__DATASET SECTION__.
═══

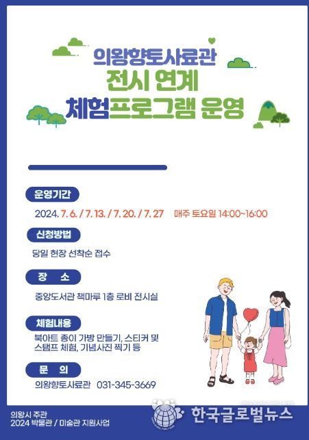 (한국글로벌뉴스 - 박소연 기자) 의왕향토사료관은 7월 매주 토요일 오후 2시부터 4시까지 ‘조선시대 한글 번역본으로 보는 삼강오륜 이야기’ 전시의 연계 체험 프로그램을 운영한다고 4일 밝혔다.
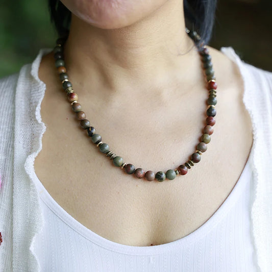 Natural Mixed Jasper Malachite & Amethyst 108 Beads Mala Necklace
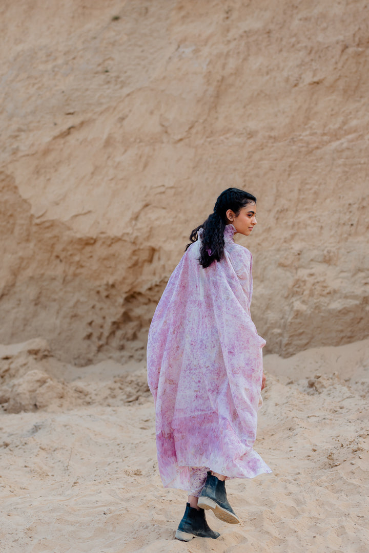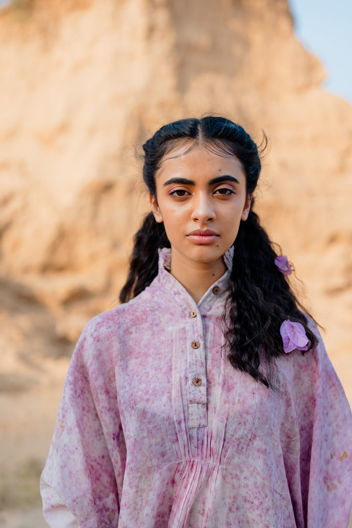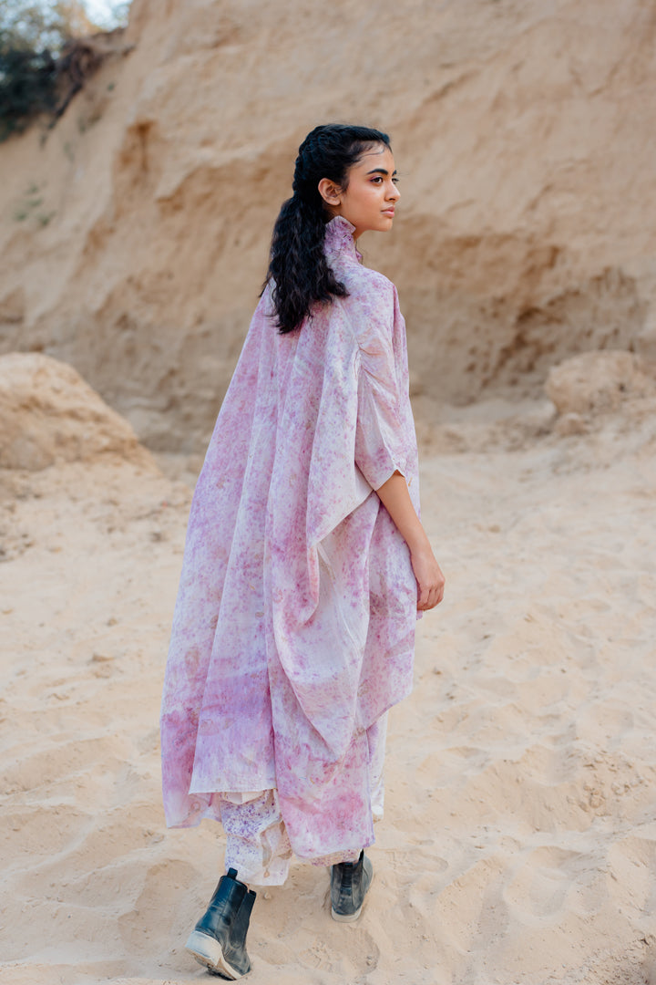 Asymmetrical hemline, draped Dress with front placket, Gathers at the waist, sleeves and neck. Mandarin collar. Bottom features drape pants, front belt, back elasticated waist, Ankle length with side pockets
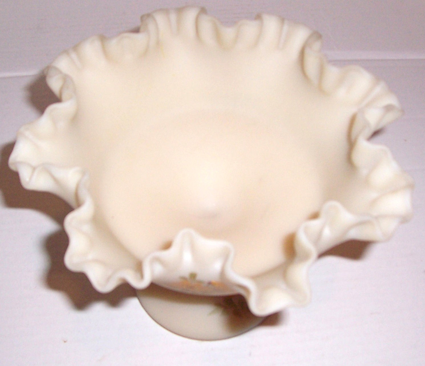 Fenton Custard Large Ruffled Glass Handpainted Art Display Compote Signed Mason

═══

__TASK GOAL__. Your task is to copy exactly the lines from the line containing "Natural Mixed Jasper" through the final line of the listing above and to omit every picture.

__ANSWER TO THIS EXERCISE__.
 Natural Mixed Jasper Malachite & Amethyst 108 Beads Mala Necklace
 Asymmetrical hemline, draped Dress with front placket, Gathers at the waist, sleeves and neck. Mandarin collar. Bottom features drape pants, front belt, back elasticated waist, Ankle length with side pockets
 Fenton Custard Large Ruffled Glass Handpainted Art Display Compote Signed Mason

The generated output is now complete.